Личная духовная жизнь по большей части проявляется в борьбе и преодолении. В результате броска личнодуховного роста в душе что-то «рождается». Духовный рост – главный признак бессмертия души и основание для ее бессмертия. По Толстому, человек спасается не «верой» и не «делами», а личным духовным ростом. В этом суть мистических прозрений Льва Толстого на поприще личной духовной жизни.

«И моя жизнь истинная есть только та, которая взращена мною» (51.106).

Положения Нагорной проповеди активно участвуют во взращении истинной жизни в человеке, но не в качестве обязательных для исполнения правил жизни, а в качестве идеалов совершенства.
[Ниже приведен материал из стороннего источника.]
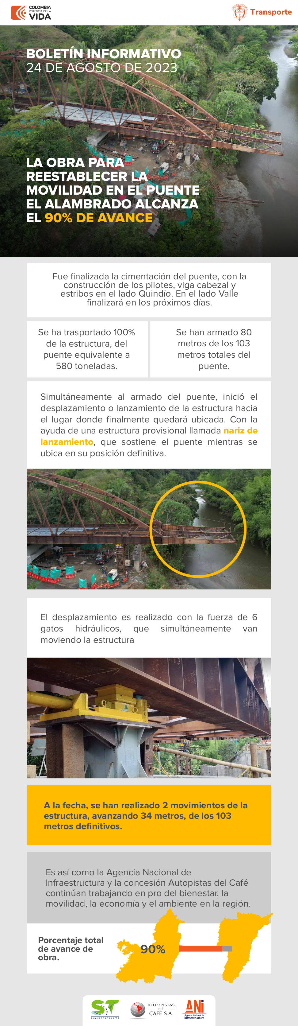 Agosto 24 de 2023Fue finalizada la cimentación del puente, con la construcción de los pilotes, viga cabezal y estribos en el lado Quindío. En el lado Valle finalizará en los próximos días. Simultáneamente al armado del puente, inició el desplazamiento o lanzamiento de la estructura hacia el lugar donde finalmente quedará ubicada, esto con la ayuda de una estructura provisional llamada nariz de lanzamiento, que sostiene el puente mientras se ubica en su posición definitiva.

Идеалы эти сами собой подвигают людей к деятельности духовного роста.

5(11)[51 - Эта глава есть сокращенный вариант глав 3–6 части четвертой книги: Мардов И.Б. Лев Толстой. На вершинах жизни.]

Согласно «О жизни», духовному Я человека задано дело: установление нового, более высокого отношение к миру и проявление большей степени любви. Духовное Я «не может уничтожиться, потому что оно только и есть». Но как же и где оно существует после смерти «животной личности»? Все, что можно сказать по этому поводу, – это то, что умерший человек «вышел из того низшего отношения к миру, в котором он был как животное и в котором я еще нахожусь» и «что я не вижу того центра нового отношения к миру, в котором он теперь». Он «исчез из моих глаз», находится «за пределами моего зрения»,[52 - «Ведь если бы я видел то, что за пределами моего зрения, я бы не видел того, что в его пределах».] «имеет теперь другой центр, невидимый мне… Каков этот центр, какова эта жизнь сама в себе, я не могу знать – могу гадать, если люблю гадание и не боюсь запутаться. Но если я ищу разумного понимания жизни,[53 - Как это необходимо с личнодуховной точки зрения.] то удовольствуюсь ясным, несомненным, и не хочу портить ясное и несомненное присоединением к нему темных и произвольных гаданий».

Когда Толстой писал «О жизни», «вся» жизнь человеческая (то есть жизнь высшей души) представлялась заключенной в один и тот же «круг или шар с центром» Я. Через несколько лет ему открылось, что человеческая жизнь только представляется шаром с центром, на самом деле нет ни шара, ни центра. То, что видится и понимается шаром, есть часть «бесконечной кривой», вернее, череда переходящих друг в друга сфер или шаров. То, что представляется центром, точкой, в действительности есть стержень, проходящий сквозь все сферы по их общей оси. Теперь про «свое особенное Я» умершего человека никак нельзя сказать, что оно где-то «здесь» же, укоренено в том же существовании, что и при земной жизни. При рождении и смерти высшая душа переходит из одной Обители существования в другую Обитель существования.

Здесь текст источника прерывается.